- Provided material -

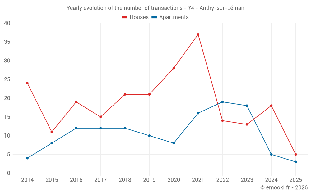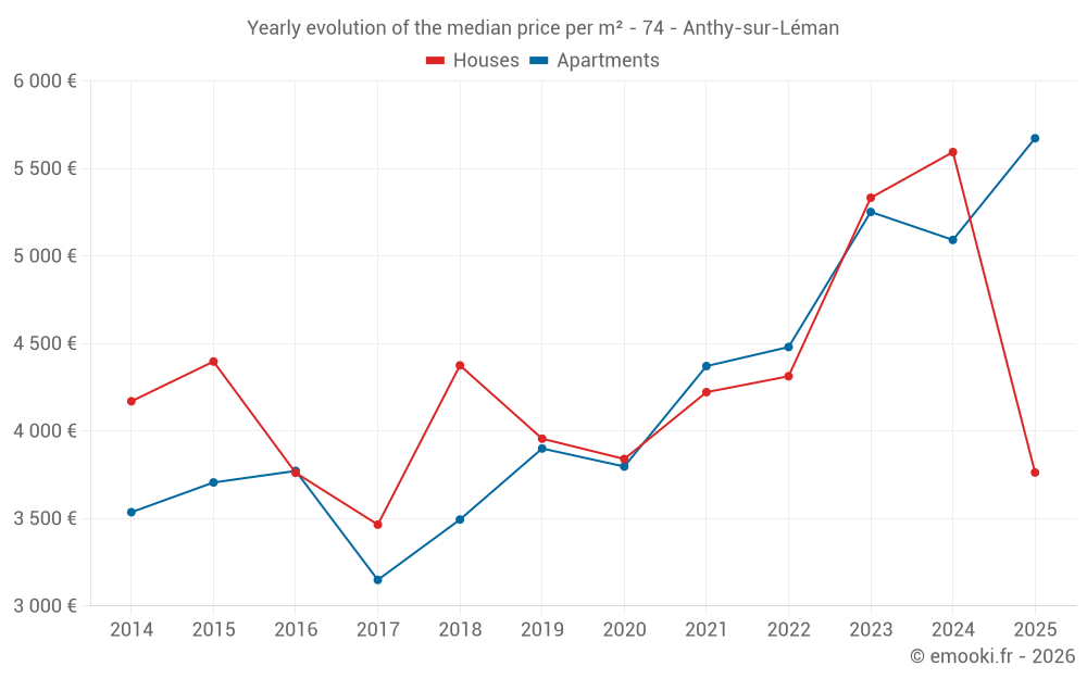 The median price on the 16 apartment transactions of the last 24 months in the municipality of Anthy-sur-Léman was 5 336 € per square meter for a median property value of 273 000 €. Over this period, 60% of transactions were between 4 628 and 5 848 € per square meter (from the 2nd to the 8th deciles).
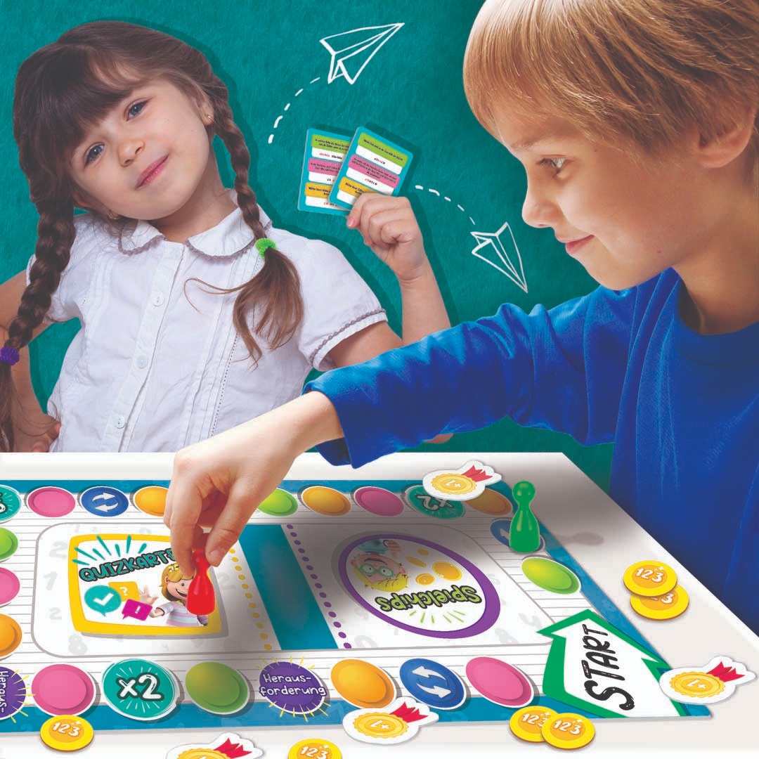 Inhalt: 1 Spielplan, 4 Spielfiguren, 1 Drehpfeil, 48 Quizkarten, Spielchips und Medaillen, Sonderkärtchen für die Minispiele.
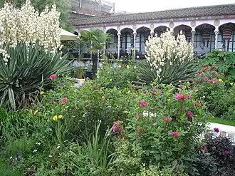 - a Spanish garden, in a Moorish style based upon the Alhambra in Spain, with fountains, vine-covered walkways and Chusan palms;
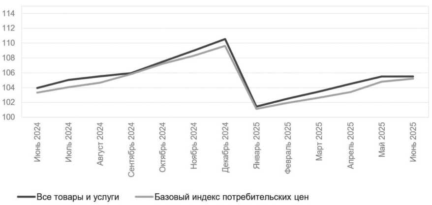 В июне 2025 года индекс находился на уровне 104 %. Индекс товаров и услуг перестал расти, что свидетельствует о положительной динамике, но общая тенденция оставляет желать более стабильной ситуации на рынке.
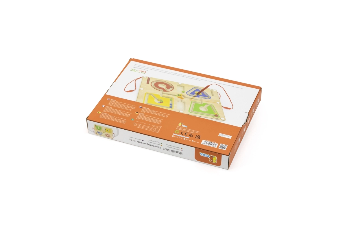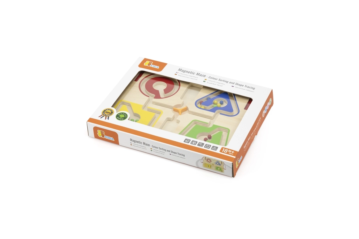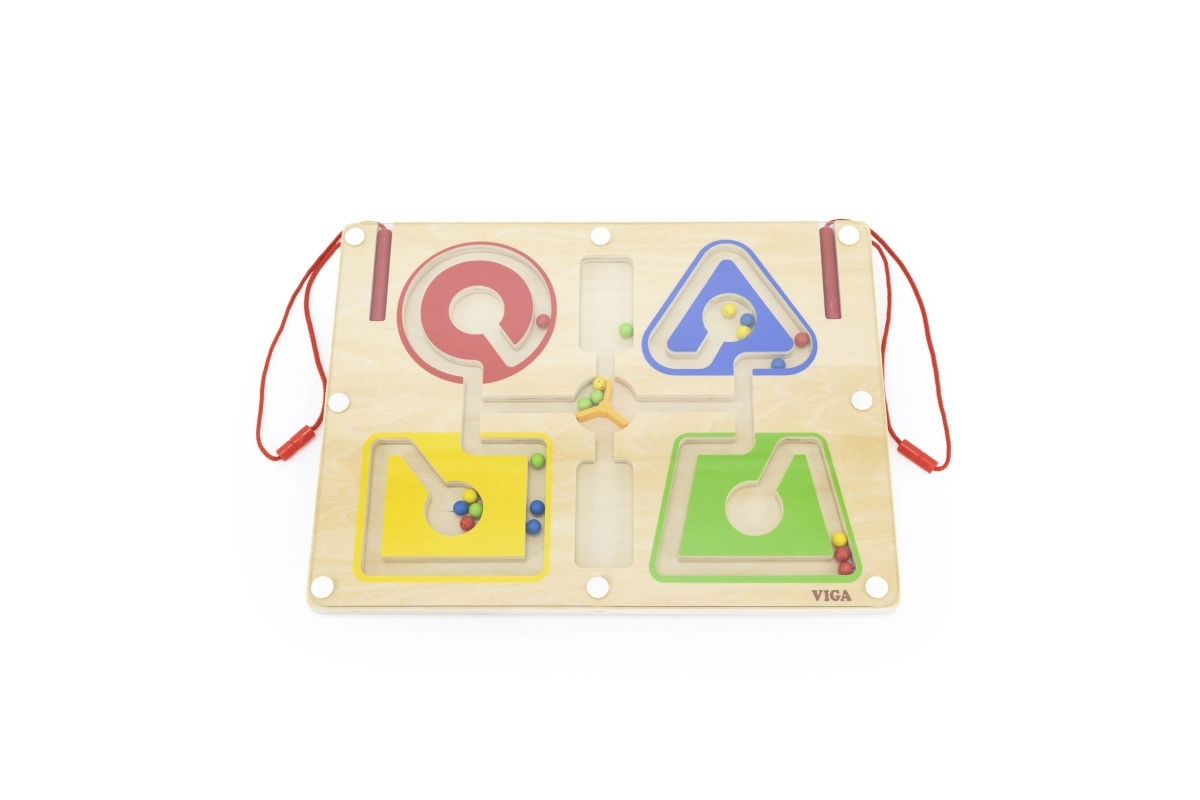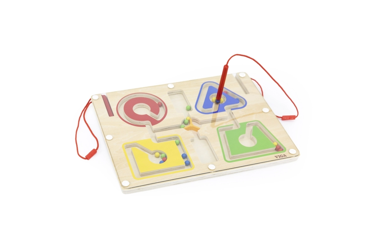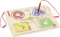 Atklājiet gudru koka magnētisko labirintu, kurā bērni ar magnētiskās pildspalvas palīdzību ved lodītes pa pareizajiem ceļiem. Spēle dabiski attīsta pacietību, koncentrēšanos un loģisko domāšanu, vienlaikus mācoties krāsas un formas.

- Exercise -
No pictures belong in the copy. Repeat the entries exactly.

- Finished exercise -
 The median price on the 16 apartment transactions of the last 24 months in the municipality of Anthy-sur-Léman was 5 336 € per square meter for a median property value of 273 000 €. Over this period, 60% of transactions were between 4 628 and 5 848 € per square meter (from the 2nd to the 8th deciles).
 Inhalt: 1 Spielplan, 4 Spielfiguren, 1 Drehpfeil, 48 Quizkarten, Spielchips und Medaillen, Sonderkärtchen für die Minispiele.
 - a Spanish garden, in a Moorish style based upon the Alhambra in Spain, with fountains, vine-covered walkways and Chusan palms;
 В июне 2025 года индекс находился на уровне 104 %. Индекс товаров и услуг перестал расти, что свидетельствует о положительной динамике, но общая тенденция оставляет желать более стабильной ситуации на рынке.
 Atklājiet gudru koka magnētisko labirintu, kurā bērni ar magnētiskās pildspalvas palīdzību ved lodītes pa pareizajiem ceļiem. Spēle dabiski attīsta pacietību, koncentrēšanos un loģisko domāšanu, vienlaikus mācoties krāsas un formas.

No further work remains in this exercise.